In summary, the set of data presented so far suggest that SMA, previously conceived as having very specific topographical impact, may actually embrace a broader involvement.
Clinical reports suggest that other tissues contribute to the overall phenotype of motor neuron diseases, especially in the most severe or prolonged forms of these diseases. SMA as well as other motor neuron diseases must be regarded as associated with autonomic dysfunction in addition to motor neuron involvement. The most severe presentation of spinal muscular atrophy, if allowed to live long enough, shows the greatest widespread involvement.

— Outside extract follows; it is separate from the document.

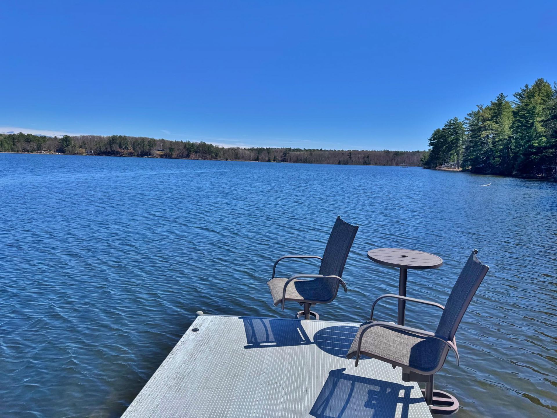 Lac Courte Oreilles-Exceptional estate property with 10.8 acres and a total of 320 feet of level sandy shoreline on one of the Hayward area's most treasured lakes. Enter through the paved drive and lighted stone pillars to discover a setting that feels both private and memorable. As the drive winds through the property, it leads to the 4BR/2.5BA main home at the lakeshore. Positioned on 200 feet of frontage with beautiful sandy shoreline for swimming and waterfront enjoyment, the extensively remodeled home offers open living spaces with a warm, inviting feel, a spacious kitchen with custom tin-wrapped island and ample storage, dining area with a wall of windows overlooking the lake, living room with gorgeous stone fireplace (1 of 4), and a luxurious main-floor primary suite with fireplace, sunroom, spacious bath, walk-in closet, and laundry. The lower level offers comfortable private guest spaces including a family room with gas fireplace, 3 bedrooms, full bath, and a wine room with wet bar and mini-fridge. With a full renovation in 2017, the main home pairs beautifully with the guest home built that same year and situated just steps away, yet on its own legal lot. The delightful 2BR+loft/2BA guest home is ideal for family and guests, with one private suite, a second bedroom with adjacent bath, loft with 4 twin beds, and laundry in the large unfinished basement. Exterior features include an attached (to main home) 2-car garage with sauna and laundry, detached 2-car garage, 36x36 outbuilding, gazebo, storage shed, composite decks, two generators, irrigation, and a new stone lakeside firepit. The adjoining 2.64-acre lot with 118 feet of shoreline offers valuable long-term options, as does the separate 2+ acre off-water lot across Hwy K. The combination of parcels and improvements supports continued use as a family compound while offering future possibilities. Most furnishings are available for purchase separately, allowing for a largely turn-key opportunity.

The ANS is a potential vulnerable locus for different disease processes, which affect neurons. The symptoms related to ANS involvement are unspecific and multisystemic. The great challenge is to recognize the possibility of the ANS involvement, either because symptoms may impact quality of life and daily activities or because they might configure a higher risk of morbidity and mortality for the individual. Therefore, to include the questions on the autonomic symptoms as well as specific assessment of its function, would help to define strategies to treat or prevent the consequences of ANS involvement. Careful autonomic evaluation and management are warranted in patients with motor neuron disorders.
All authors participated in producing this work, from the literature review to article writing. Authors declare that they have no conflict of interest. No funding was received for this work. Since this work is a review, no original data is available.